Input:
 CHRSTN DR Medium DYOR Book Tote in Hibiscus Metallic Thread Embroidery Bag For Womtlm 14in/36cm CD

---

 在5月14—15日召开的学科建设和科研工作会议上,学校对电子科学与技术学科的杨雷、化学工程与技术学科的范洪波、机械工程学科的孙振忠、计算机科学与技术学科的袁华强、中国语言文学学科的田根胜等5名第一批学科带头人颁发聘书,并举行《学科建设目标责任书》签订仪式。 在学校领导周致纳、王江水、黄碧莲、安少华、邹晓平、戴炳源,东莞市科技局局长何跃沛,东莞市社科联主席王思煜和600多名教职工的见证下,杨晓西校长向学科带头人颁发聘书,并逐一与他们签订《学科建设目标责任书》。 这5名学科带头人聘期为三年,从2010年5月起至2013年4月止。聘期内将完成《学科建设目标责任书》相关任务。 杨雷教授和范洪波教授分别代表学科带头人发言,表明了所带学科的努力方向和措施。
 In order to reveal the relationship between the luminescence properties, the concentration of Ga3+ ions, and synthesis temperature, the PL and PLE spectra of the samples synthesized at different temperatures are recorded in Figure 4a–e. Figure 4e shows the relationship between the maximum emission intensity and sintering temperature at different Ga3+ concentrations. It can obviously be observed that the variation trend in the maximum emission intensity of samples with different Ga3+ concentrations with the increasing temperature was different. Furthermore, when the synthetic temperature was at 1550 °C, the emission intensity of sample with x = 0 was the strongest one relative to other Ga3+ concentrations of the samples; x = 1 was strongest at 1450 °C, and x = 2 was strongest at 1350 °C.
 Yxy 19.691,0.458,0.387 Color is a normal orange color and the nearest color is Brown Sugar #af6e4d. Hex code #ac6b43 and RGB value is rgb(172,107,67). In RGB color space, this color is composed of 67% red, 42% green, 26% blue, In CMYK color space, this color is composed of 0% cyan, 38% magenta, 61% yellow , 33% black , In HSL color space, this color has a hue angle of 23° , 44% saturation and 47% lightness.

...

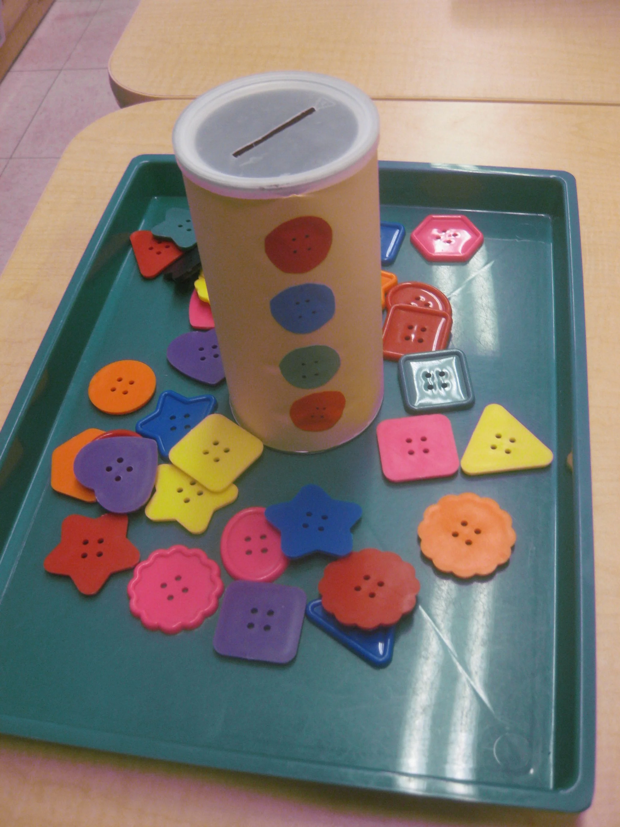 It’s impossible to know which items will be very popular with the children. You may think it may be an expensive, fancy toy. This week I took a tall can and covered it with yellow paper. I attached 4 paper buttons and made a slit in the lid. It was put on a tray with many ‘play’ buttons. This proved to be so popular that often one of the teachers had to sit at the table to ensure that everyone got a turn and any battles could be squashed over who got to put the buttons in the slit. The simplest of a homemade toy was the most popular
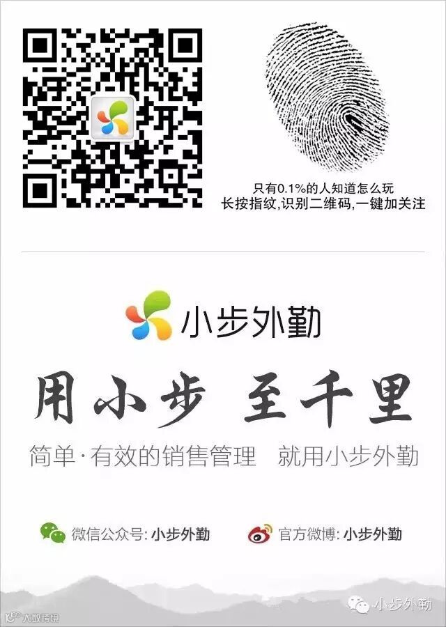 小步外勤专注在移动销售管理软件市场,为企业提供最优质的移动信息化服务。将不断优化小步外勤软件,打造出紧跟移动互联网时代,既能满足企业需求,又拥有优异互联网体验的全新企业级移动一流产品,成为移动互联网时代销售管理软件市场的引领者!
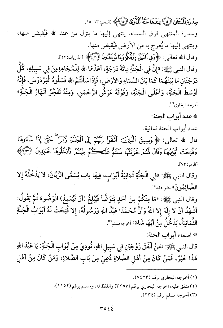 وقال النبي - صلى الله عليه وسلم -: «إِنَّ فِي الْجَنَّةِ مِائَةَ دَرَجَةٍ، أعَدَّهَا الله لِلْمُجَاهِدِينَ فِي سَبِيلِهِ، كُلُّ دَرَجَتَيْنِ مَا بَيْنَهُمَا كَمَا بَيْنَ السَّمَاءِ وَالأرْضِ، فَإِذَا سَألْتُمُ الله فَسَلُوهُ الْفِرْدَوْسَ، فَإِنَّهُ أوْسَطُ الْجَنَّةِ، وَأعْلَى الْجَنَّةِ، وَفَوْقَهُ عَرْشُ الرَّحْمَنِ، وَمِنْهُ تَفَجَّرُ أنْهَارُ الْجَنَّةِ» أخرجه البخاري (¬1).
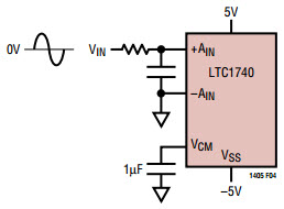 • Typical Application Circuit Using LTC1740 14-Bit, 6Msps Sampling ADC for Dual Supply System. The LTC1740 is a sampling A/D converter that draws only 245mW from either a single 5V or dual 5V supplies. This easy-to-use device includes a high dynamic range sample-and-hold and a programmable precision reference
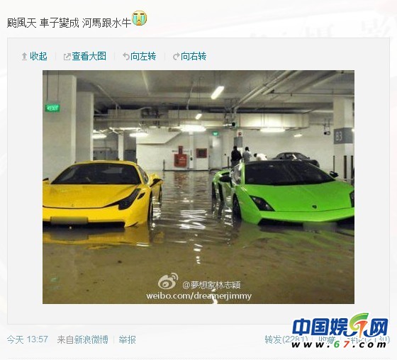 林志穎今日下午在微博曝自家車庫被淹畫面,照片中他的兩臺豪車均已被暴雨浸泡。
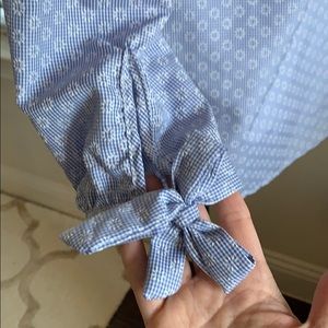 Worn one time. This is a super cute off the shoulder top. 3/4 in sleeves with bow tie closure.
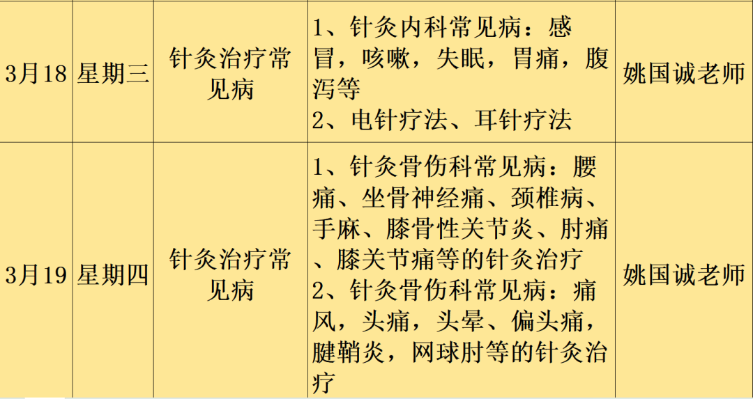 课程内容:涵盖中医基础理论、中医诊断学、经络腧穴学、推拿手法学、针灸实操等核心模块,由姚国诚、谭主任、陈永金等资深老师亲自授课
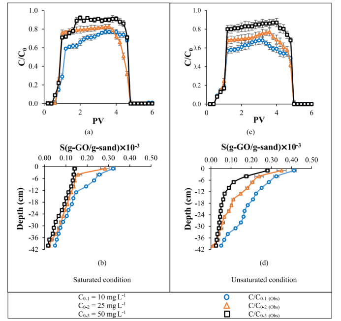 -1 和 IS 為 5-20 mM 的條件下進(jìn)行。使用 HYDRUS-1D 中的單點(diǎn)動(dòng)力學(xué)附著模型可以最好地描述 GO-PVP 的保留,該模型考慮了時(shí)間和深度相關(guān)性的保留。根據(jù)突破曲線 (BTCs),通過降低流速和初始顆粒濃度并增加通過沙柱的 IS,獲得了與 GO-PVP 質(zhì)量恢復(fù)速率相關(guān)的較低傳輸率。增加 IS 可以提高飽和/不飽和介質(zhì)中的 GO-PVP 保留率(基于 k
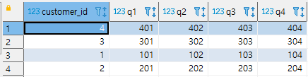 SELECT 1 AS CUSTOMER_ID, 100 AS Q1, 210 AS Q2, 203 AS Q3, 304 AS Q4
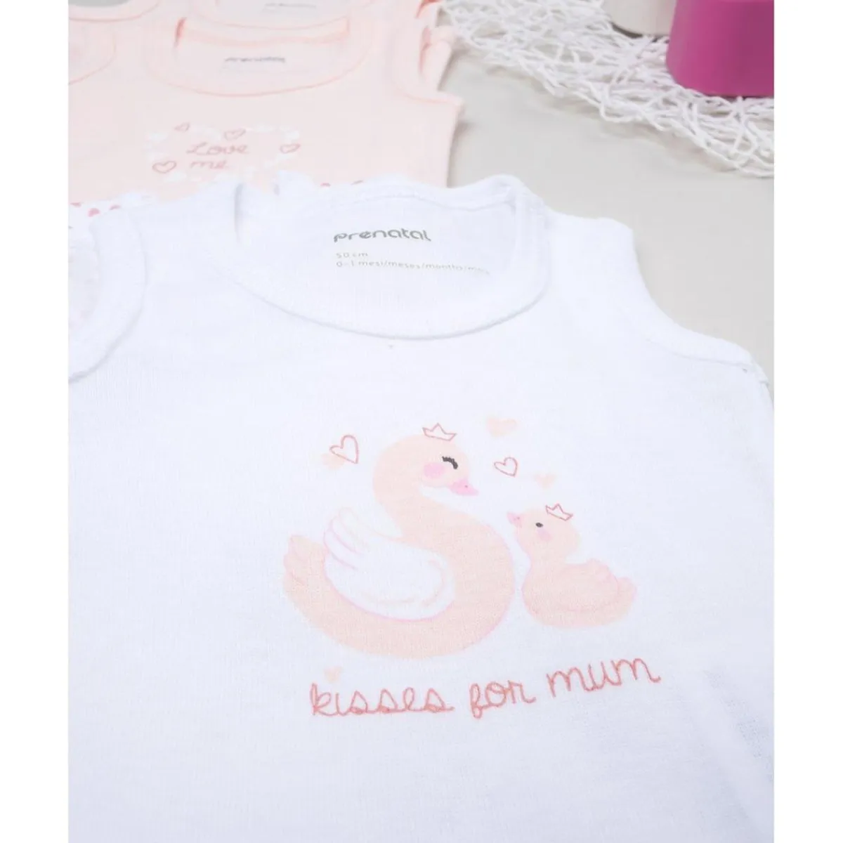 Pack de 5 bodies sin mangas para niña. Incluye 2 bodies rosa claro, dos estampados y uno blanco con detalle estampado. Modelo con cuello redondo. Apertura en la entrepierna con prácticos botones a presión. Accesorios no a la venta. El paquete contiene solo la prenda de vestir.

What is needed: Using the material above, reproduce only the lines that run from the line with "-1 和 IS 為 5-20" up to and including the line with "Pack de 5 bodies", exactly, with the pictures dropped.

Written answer:
 -1 和 IS 為 5-20 mM 的條件下進(jìn)行。使用 HYDRUS-1D 中的單點(diǎn)動(dòng)力學(xué)附著模型可以最好地描述 GO-PVP 的保留,該模型考慮了時(shí)間和深度相關(guān)性的保留。根據(jù)突破曲線 (BTCs),通過降低流速和初始顆粒濃度并增加通過沙柱的 IS,獲得了與 GO-PVP 質(zhì)量恢復(fù)速率相關(guān)的較低傳輸率。增加 IS 可以提高飽和/不飽和介質(zhì)中的 GO-PVP 保留率(基于 k
 SELECT 1 AS CUSTOMER_ID, 100 AS Q1, 210 AS Q2, 203 AS Q3, 304 AS Q4
 Pack de 5 bodies sin mangas para niña. Incluye 2 bodies rosa claro, dos estampados y uno blanco con detalle estampado. Modelo con cuello redondo. Apertura en la entrepierna con prácticos botones a presión. Accesorios no a la venta. El paquete contiene solo la prenda de vestir.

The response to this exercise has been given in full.